Кондрат нахмурился, опустил голову и заговорил, лишь почувствовав вопросительные взгляды.
– А перестанут ли действовать проклятия? – прогудел он. – Если механизм уже запущен? Отдав источник в другие руки, мы рискуем навлечь беды на совершенно незнакомых людей, да и свои вряд ли отменим или отсрочим. В довершении всего, лишимся шанса исправить ситуацию. Не лучше ли держать книгу там, откуда ее можно в любой момент изъять, в случае необходимости?
Немного помолчав, выдержав глубокомысленную паузу, все одобрительно кивнули.
– Мы зароем ее в саду, – заявила Лариса Макарьевна. Она решительно встала, намереваясь приступить к осуществлению плана немедленно.
– Нет, нет, – сказал Гальтский. – Ничего мы не будем закапывать, зарывать, хоронить. Я обещаю исполнить все наилучшим образом.
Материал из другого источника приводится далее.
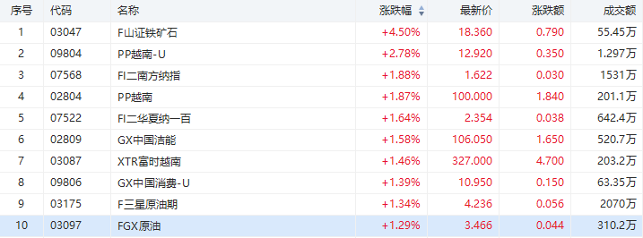 受消息影響,今日港股漲幅居前的有南方兩倍看空納指(07568.HK),收漲1.88%,成交1531萬港元。此外,受益於鐵礦石價格大漲創歷史新高,F山證鐵礦石ETF(03047.HK)今日大漲4.5%,位列漲幅榜首位,成交55.45萬港元。
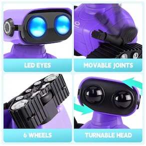 O robô emocional programável da marca?Playsheek, em acabamento roxo vibrante, foi concebido para encantar crianças a partir de 3?anos com interação simples, divertida e tecnológica. Ele se destaca pelos olhos equipados com luzes LED ajustáveis — que podem piscar, permanecer acesas ou se desligar — e por sua capacidade de cantar e dançar ao toque de um botão.

Дайте только время.
– Как раз, со временем у нас туго, – угрюмо пробурчал Кондрат.
Барон весело рассмеялся:
– Кондрат, голубчик, позволь хотя бы кофе допить.
Насладившись ароматным напитком, Роман Владимирович, медленно прошелся по комнате, разминая ноги и, хитро поглядывая на застывшую в ожидании компанию.
– Поверьте, друзья мои, я придумал забавный тайник. Он сможет обмануть все проклятия. Доверяете ли вы мне?
– Доверяем, доверяем, – быстро проговорила Лариса Макарьевна, давая понять – срок рассуждений истек.
Барон улыбнулся и подмигнул Кондрату. Но, как только Гальтский перешагнул порог, улыбка исчезла, оставляя на лице тень тревоги.
***
«Разговор за столом получился крайне мрачным, – думал он. – Сплошные нервы. Так язву можно заработать. Вот, пожалуйста, уже легкое недомогание наблюдается. Как они накинулись на книгу! Взрослые люди, а ведут себя, как дети».
Гальтский не испытывал большой симпатии к подарку Рубцова, но при жизни дарителя избавиться от него не посмел. А сейчас, при странно сложенных обстоятельствах, об уничтожении или удалении книги не могло быть и речи. Отдать дань малодушию, признаться в суеверном страхе – позор, бесчестие. Разве не трусость худшее из всех зол? Необходимо запрятать книгу под замок, а ключ спрятать.
«Да, именно так. Если кто-то и скажет, мол, Гальтский-то струсил, так честно признаюсь: простите великодушно, господа, осторожность никогда не бывает напрасной. Хорошо геройствовать, рискуя одним собой, а вокруг меня люди… А мысли, однако, дурные, нервные, тесные. – Роман Владимирович остановился и болезненно поморщился. – Неужели, впрямь язва? Ну, полно тебе, Роман, нудить. Что ты, право слово? Сделай дело, а после болей на здоровье».
Гальтский еще раз повторил про себя нелепую фразу, усмехнулся и пошагал вверх по лестнице в библиотеку.
Это было большое помещение, выходившее окнами в сад. От окон к центру комнаты тянулись стеллажи, вдоль стен стояли громоздкие шкафы, обитые плотной тканью, давно потерявшей свой изначальный цвет. В углу, притиснувшись вплотную к шкафу, притулился высокий узкий ларь, при необходимости служивший столиком для писем.
Барон любил книги и мог засиживаться в библиотеке с утра до вечера, листая страницы, размышляя над судьбами людей, вспоминая сюжеты своей жизни, большая часть которой уже скрылась за шторой лет. Иногда ему казалось, будто прошлое возвращается: такими яркими и зримыми являлись ему картины памяти.